The pooling primitive performs forward or backward max or average pooling operation on 1D, 2D, or 3D spatial data.

Forward
-------

The pooling operation is defined by the following formulas. We show formulas only for 2D spatial data which are straightforward to generalize to cases of higher and lower dimensions. Variable names follow the standard :ref:`Naming Conventions <doxid-dev_guide_conventions>`.

Max pooling:

.. math::

	\dst(n, c, oh, ow) = \max\limits_{kh, kw} \left( \src(n, c, oh \cdot SH + kh \cdot (DH + 1) - PH_L, ow \cdot SW + kw \cdot (DW + 1) - PW_L) \right)

Average pooling:

.. math::

	\dst(n, c, oh, ow) = \frac{1}{DENOM} \sum\limits_{kh, kw} \src(n, c, oh \cdot SH + kh \cdot (DH + 1) - PH_L, ow \cdot SW + kw \cdot (DW + 1) - PW_L)

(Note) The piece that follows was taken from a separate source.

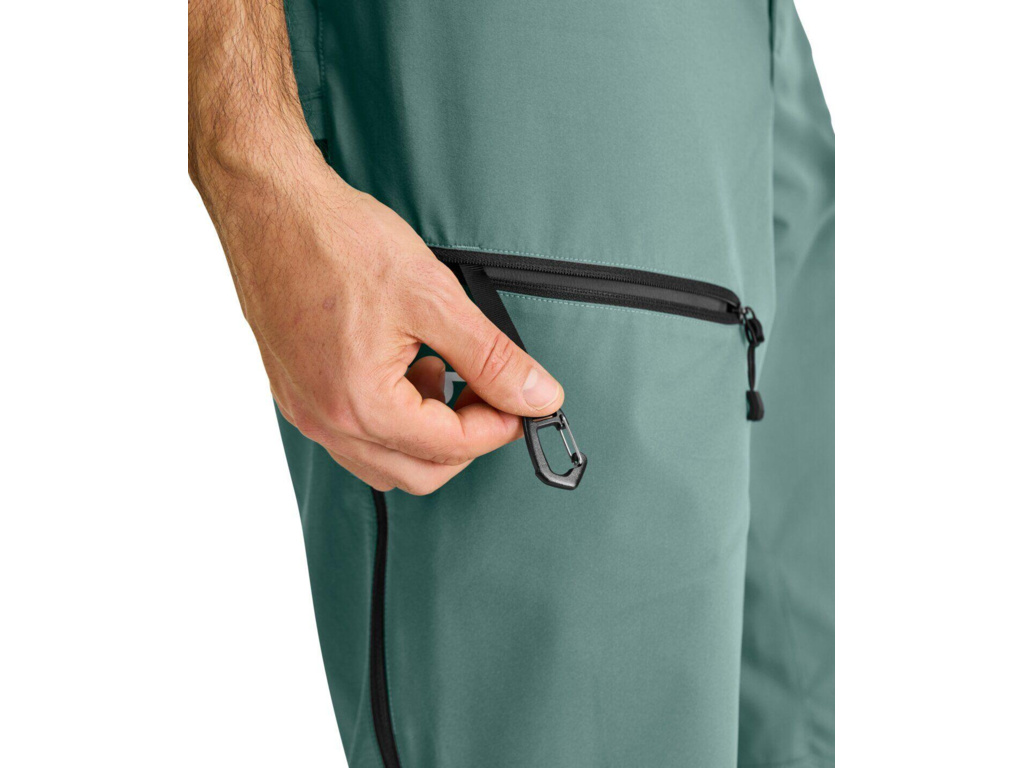 - Materiál MERINO AIRSOLATION - vysoce prodyšný, odolný proti větru a vodě, rychleschnoucí, lehký ale zároveň velmi odolný vůči oděru, strečový ve dvou směrech, ošetřený voděodolnou DWR úpravou bez obsahu PFC - zadní strana stehen, sed, boky a pas.

Here output spatial dimensions are calculated similarly to how they are done in :ref:`Convolution <doxid-dev_guide_convolution>`.

Average pooling supports two algorithms:

* :ref:`dnnl_pooling_avg_include_padding <doxid-group__dnnl__api__primitives__common_1gga96946c805f6c4922c38c37049ab95d23ac13a4cc7c0dc1edfcbf1bac23391d5cb>`, in which case :math:`DENOM = KH \cdot KW`,

* :ref:`dnnl_pooling_avg_exclude_padding <doxid-group__dnnl__api__primitives__common_1gga96946c805f6c4922c38c37049ab95d23a00156580493fd7c2f4cdbaaf9fcbde79>`, in which case :math:`DENOM` equals to the size of overlap between an averaging window and images.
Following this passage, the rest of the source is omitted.